EXERCISE GOAL:
Word for word, copy all the data and drop the pictures.

SOURCE MATERIAL:
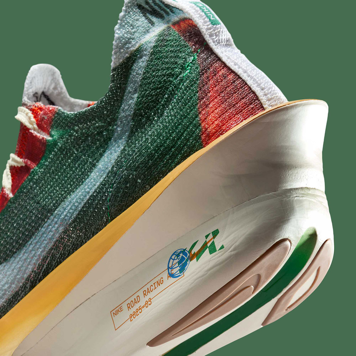 Next up in this series is the Nike ZoomX AlphaFly 3, reaching back to Nike’s The Sting, an early performance model released in the 1970s. What the nascent silhouette lends most clearly to its max-cushioned descendant is the green and orange combination that originally lived on its nylon build. Generally speaking, this shoe, perhaps fittingly, follows the similar hybrid between the Vaporfly and the Pre-Montreal, most visible with the pre-aged cushioning underfoot. Sadly, the D-ring eye-ley innovations from the OG sting don’t make it onto this design, but the homage to a simpler era is abundantly clear all the same in this next-gen proposition.
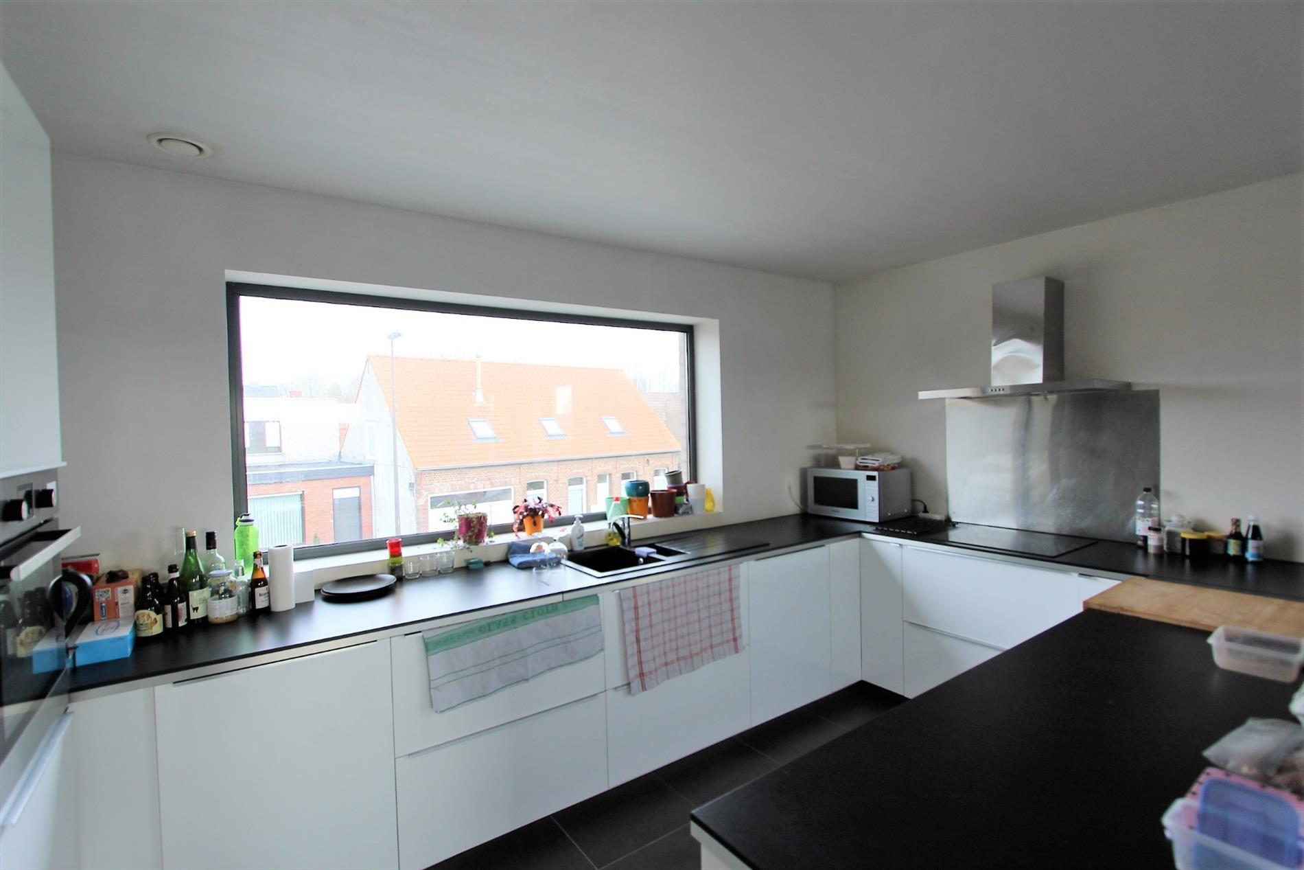 Het appartement is gelegen op het eerste verdiep en bevat een ruime inkomhal met plaats voor een vestiaire, een gastentoilet, een open ruime woonkamer met plaats voor een eethoek en een zithoek. Aansluitend is de open ingerichte keuken. De keuken is voorzien van een spoelbak - keramische kookplaat - dampkap - oven - koelkast - vaatwas en een diepvries. Een berging/wasplaats alsook een ruim zongericht terras met open zicht maakt van dit eerste verdiep een totaal plaatje!
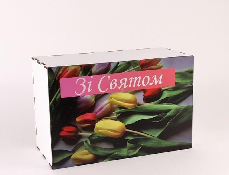 Подарункова коробка "Зі святом" тюльпани 2 Дерев'яна коробка призначена для оформлення оригінального подарунка, композиції з фруктів, овочів, мила,солодощів. Виготовлено з високоякісного екологічного матеріалу, ДВП товщиною 3 мм,тому довго буде зберігати свій бездоганний вигляд. З її допомогою можна створити неймовірний гарний презент, день народження, 8 березня, іменини або інше свято.
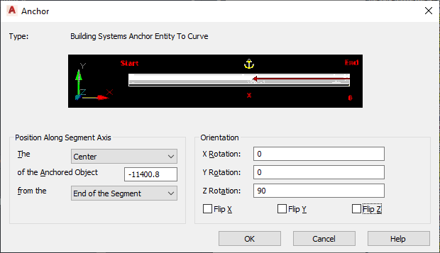 An anchor links an AutoCAD MEP 2027 toolset object to another object or to a layout curve or grid. In the Piping domain, this worksheet applies to fittings that use anchors (i.e., takeoffs). In the Schematic domain, it applies to symbols. You can view and modify the X, Y, and Z insertion points relative to the current coordinate system and rotation angle of the anchor. You can reposition anchored objects along a segment axis by specifying a dimensioned location or by flipping the anchor around the X, Y, or Z axis. The Anchor tab is available only after the objects have been anchored with an anchor tool.
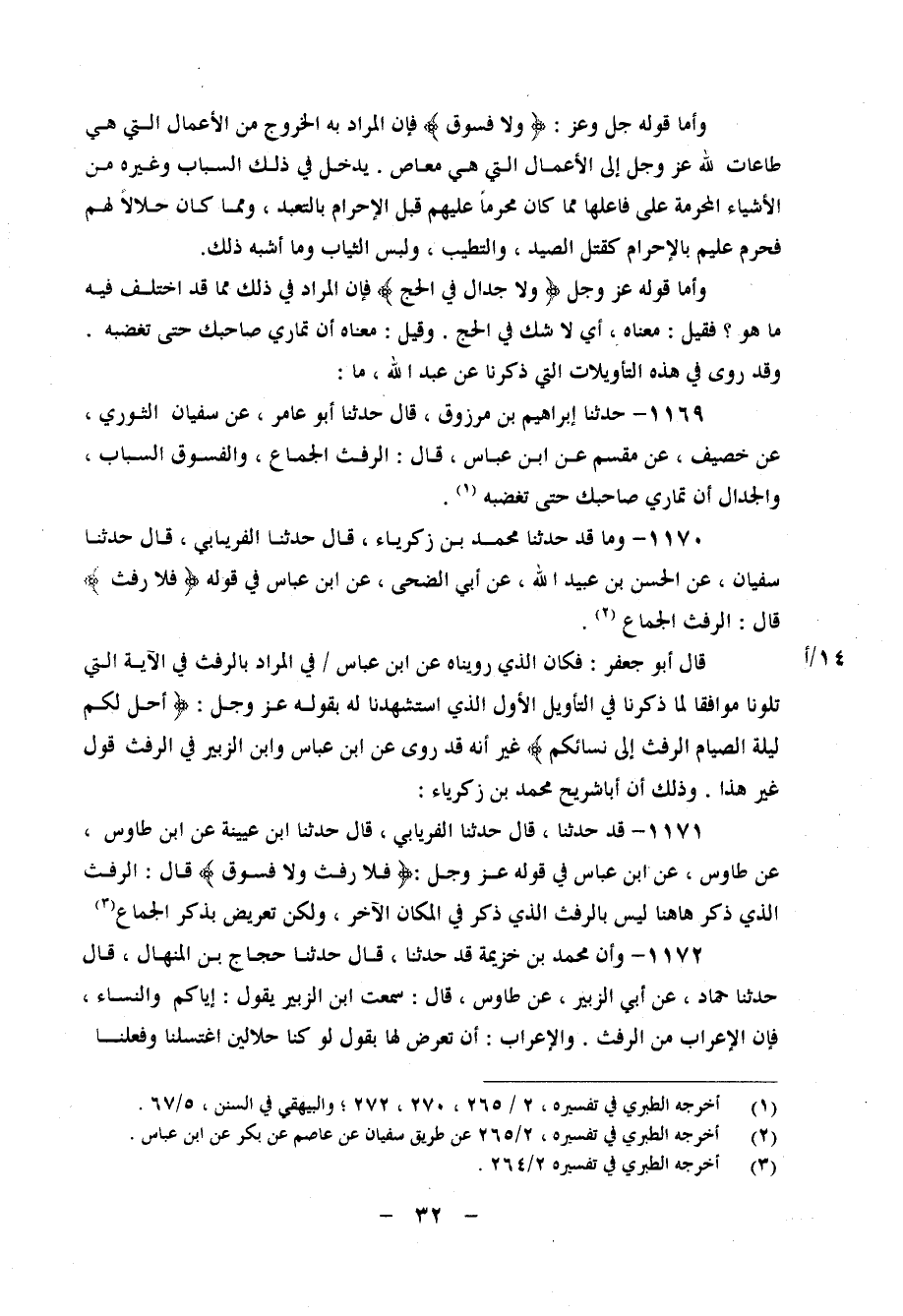 1170 - وَمَا قَدْ حَدَّثَنَا مُحَمَّدُ بْنُ زَكَرِيَّاءَ، قَالَ: حَدَّثَنَا الْفِرْيَابِيُّ، قَالَ: حَدَّثَنَا سُفْيَانُ، عَنِ الْحَسَنِ بْنِ عُبَيْدِ اللهِ، عَنْ أَبِي الضُّحَى، عَنِ ابْنِ عَبَّاسٍ، فِي قَوْلِهِ: " {فَلا رَفَثَ} ، قَالَ: الرَّفَثُ الْجِمَاعُ " قَالَ أَبُو جَعْفَرٍ: فَكَانَ الَّذِي رُوِّينَاهُ عَنِ ابْنِ عَبَّاسٍ فِي الْمُرَادِ بِالرَّفَثِ فِي الْآيَةِ الَّتِي تَلَوْنَا مُوَافِقًا لِمَا ذَكَرْنَا فِي التَّأْوِيلِ الْأَوَّلِ الَّذِي اسْتَشْهَدْنَا لَهُ بِقَوْلِهِ عَزَّ وَجَلَّ: {أُحِلَّ لَكُمْ لَيْلَةَ الصِّيَامِ الرَّفَثُ إِلَى نِسَائِكُمْ} غَيْرَ أَنَّهُ قَدْ رُوِيَ عَنِ ابْنِ عَبَّاسٍ وَابْنِ الزُّبَيْرِ فِي الرَّفَثِ قَوْلٌ غَيْرُ هَذَا
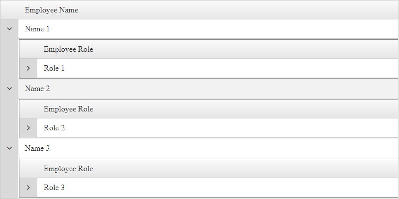 <telerik:RadGrid ID="RadGrid1" runat="server" Width="800px" OnDetailTableDataBind="RadGrid1_DetailTableDataBind" OnNeedDataSource="RadGrid1_NeedDataSource"> <MasterTableView Name="Name" DataKeyNames="ID" AutoGenerateColumns="false"> <Columns> <telerik:GridBoundColumn DataField="Name" HeaderText="Employee Name"></telerik:GridBoundColumn> </Columns> <DetailTables> <telerik:GridTableView Name="Role" DataKeyNames="ID" AutoGenerateColumns="false"> <Columns> <telerik:GridBoundColumn DataField="Role" HeaderText="Employee Role"></telerik:GridBoundColumn> </Columns> <DetailTables> <telerik:GridTableView Name="Designation" DataKeyNames="ID" AutoGenerateColumns="false"> <Columns> <telerik:GridBoundColumn DataField="Designation" HeaderText="Employee Designation"></telerik:GridBoundColumn> </Columns> </telerik:GridTableView> </DetailTables> </telerik:GridTableView> </DetailTables> </MasterTableView> </telerik:RadGrid>
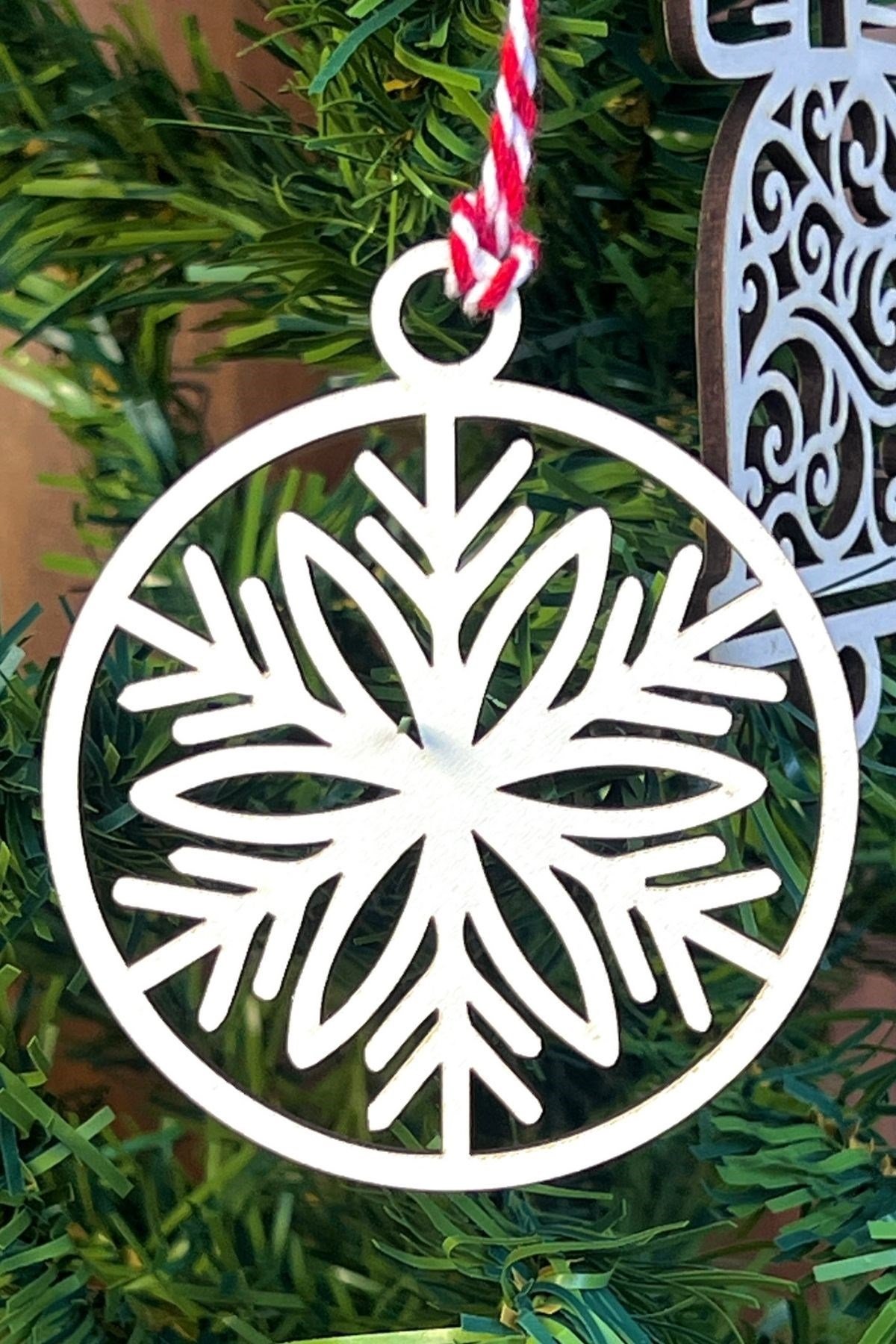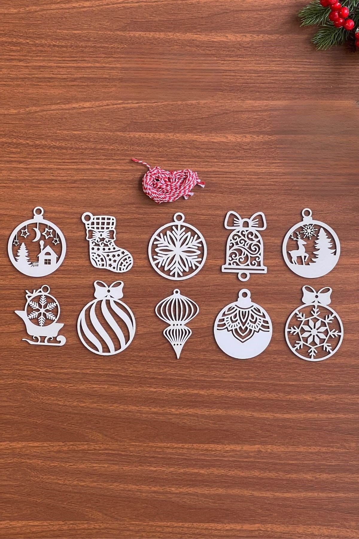 10 Parça Kırmızı Beyaz İpli Karışık Model Ahşap Yılbaşı Ağaç Süsü
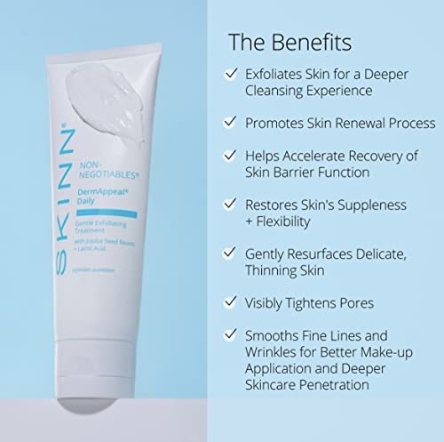 Gentle Exfoliating: Expanda sua experiência facial em casa com o Tratamento Diário de Esfoliação Suave DermAppeal. Apresenta uma esfoliação suave, porém eficaz, fornecida por grânulos de semente de jojoba derivados de plantas. Formulado com Ácido Lático e uma mistura de Enzimas de Frutas, o DermAppeal Daily é a adição ideal à sua rotina diária para ajudar a acelerar a recuperação da função de barreira da pele e promover o processo de renovação.
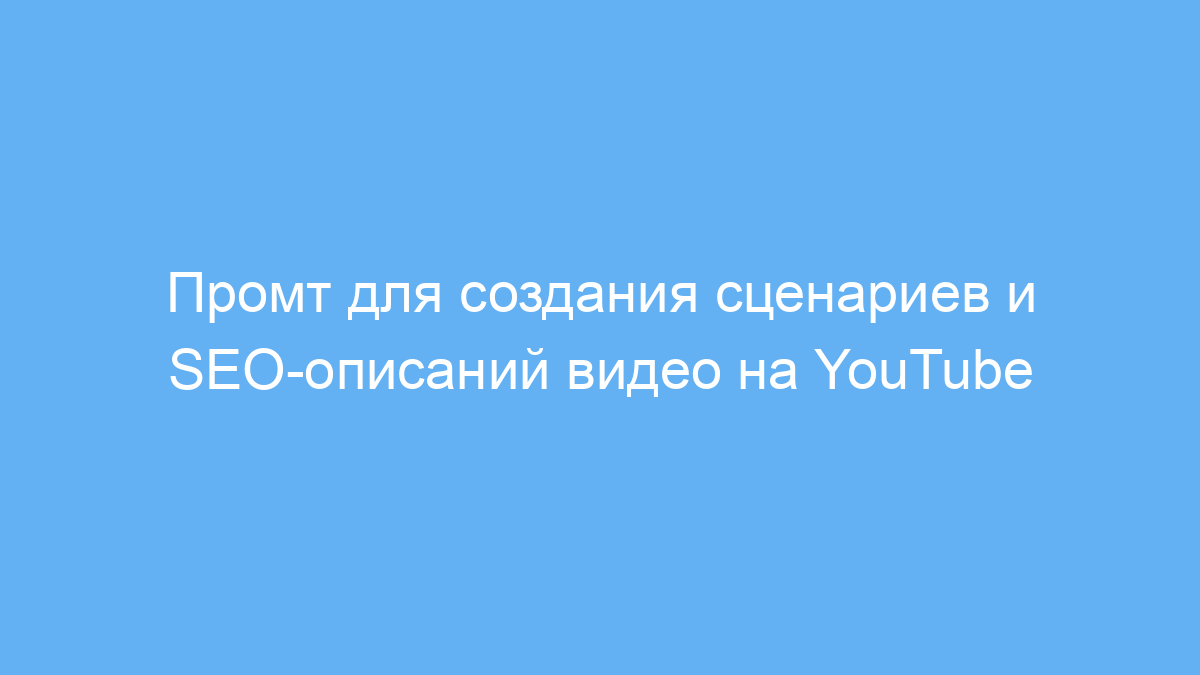 Для работы с промтом достаточно заменить в квадратных скобках [тема и контекст] на актуальную тему и подробности вашего видео. Чем точнее и конкретнее будет описание, тем качественнее выйдет сценарий и подбор заголовков.

TASK OUTPUT:
 Next up in this series is the Nike ZoomX AlphaFly 3, reaching back to Nike’s The Sting, an early performance model released in the 1970s. What the nascent silhouette lends most clearly to its max-cushioned descendant is the green and orange combination that originally lived on its nylon build. Generally speaking, this shoe, perhaps fittingly, follows the similar hybrid between the Vaporfly and the Pre-Montreal, most visible with the pre-aged cushioning underfoot. Sadly, the D-ring eye-ley innovations from the OG sting don’t make it onto this design, but the homage to a simpler era is abundantly clear all the same in this next-gen proposition.
 Het appartement is gelegen op het eerste verdiep en bevat een ruime inkomhal met plaats voor een vestiaire, een gastentoilet, een open ruime woonkamer met plaats voor een eethoek en een zithoek. Aansluitend is de open ingerichte keuken. De keuken is voorzien van een spoelbak - keramische kookplaat - dampkap - oven - koelkast - vaatwas en een diepvries. Een berging/wasplaats alsook een ruim zongericht terras met open zicht maakt van dit eerste verdiep een totaal plaatje!
 Подарункова коробка "Зі святом" тюльпани 2 Дерев'яна коробка призначена для оформлення оригінального подарунка, композиції з фруктів, овочів, мила,солодощів. Виготовлено з високоякісного екологічного матеріалу, ДВП товщиною 3 мм,тому довго буде зберігати свій бездоганний вигляд. З її допомогою можна створити неймовірний гарний презент, день народження, 8 березня, іменини або інше свято.
 An anchor links an AutoCAD MEP 2027 toolset object to another object or to a layout curve or grid. In the Piping domain, this worksheet applies to fittings that use anchors (i.e., takeoffs). In the Schematic domain, it applies to symbols. You can view and modify the X, Y, and Z insertion points relative to the current coordinate system and rotation angle of the anchor. You can reposition anchored objects along a segment axis by specifying a dimensioned location or by flipping the anchor around the X, Y, or Z axis. The Anchor tab is available only after the objects have been anchored with an anchor tool.
 1170 - وَمَا قَدْ حَدَّثَنَا مُحَمَّدُ بْنُ زَكَرِيَّاءَ، قَالَ: حَدَّثَنَا الْفِرْيَابِيُّ، قَالَ: حَدَّثَنَا سُفْيَانُ، عَنِ الْحَسَنِ بْنِ عُبَيْدِ اللهِ، عَنْ أَبِي الضُّحَى، عَنِ ابْنِ عَبَّاسٍ، فِي قَوْلِهِ: " {فَلا رَفَثَ} ، قَالَ: الرَّفَثُ الْجِمَاعُ " قَالَ أَبُو جَعْفَرٍ: فَكَانَ الَّذِي رُوِّينَاهُ عَنِ ابْنِ عَبَّاسٍ فِي الْمُرَادِ بِالرَّفَثِ فِي الْآيَةِ الَّتِي تَلَوْنَا مُوَافِقًا لِمَا ذَكَرْنَا فِي التَّأْوِيلِ الْأَوَّلِ الَّذِي اسْتَشْهَدْنَا لَهُ بِقَوْلِهِ عَزَّ وَجَلَّ: {أُحِلَّ لَكُمْ لَيْلَةَ الصِّيَامِ الرَّفَثُ إِلَى نِسَائِكُمْ} غَيْرَ أَنَّهُ قَدْ رُوِيَ عَنِ ابْنِ عَبَّاسٍ وَابْنِ الزُّبَيْرِ فِي الرَّفَثِ قَوْلٌ غَيْرُ هَذَا
 <telerik:RadGrid ID="RadGrid1" runat="server" Width="800px" OnDetailTableDataBind="RadGrid1_DetailTableDataBind" OnNeedDataSource="RadGrid1_NeedDataSource"> <MasterTableView Name="Name" DataKeyNames="ID" AutoGenerateColumns="false"> <Columns> <telerik:GridBoundColumn DataField="Name" HeaderText="Employee Name"></telerik:GridBoundColumn> </Columns> <DetailTables> <telerik:GridTableView Name="Role" DataKeyNames="ID" AutoGenerateColumns="false"> <Columns> <telerik:GridBoundColumn DataField="Role" HeaderText="Employee Role"></telerik:GridBoundColumn> </Columns> <DetailTables> <telerik:GridTableView Name="Designation" DataKeyNames="ID" AutoGenerateColumns="false"> <Columns> <telerik:GridBoundColumn DataField="Designation" HeaderText="Employee Designation"></telerik:GridBoundColumn> </Columns> </telerik:GridTableView> </DetailTables> </telerik:GridTableView> </DetailTables> </MasterTableView> </telerik:RadGrid>
 10 Parça Kırmızı Beyaz İpli Karışık Model Ahşap Yılbaşı Ağaç Süsü
 Gentle Exfoliating: Expanda sua experiência facial em casa com o Tratamento Diário de Esfoliação Suave DermAppeal. Apresenta uma esfoliação suave, porém eficaz, fornecida por grânulos de semente de jojoba derivados de plantas. Formulado com Ácido Lático e uma mistura de Enzimas de Frutas, o DermAppeal Daily é a adição ideal à sua rotina diária para ajudar a acelerar a recuperação da função de barreira da pele e promover o processo de renovação.
 Для работы с промтом достаточно заменить в квадратных скобках [тема и контекст] на актуальную тему и подробности вашего видео. Чем точнее и конкретнее будет описание, тем качественнее выйдет сценарий и подбор заголовков.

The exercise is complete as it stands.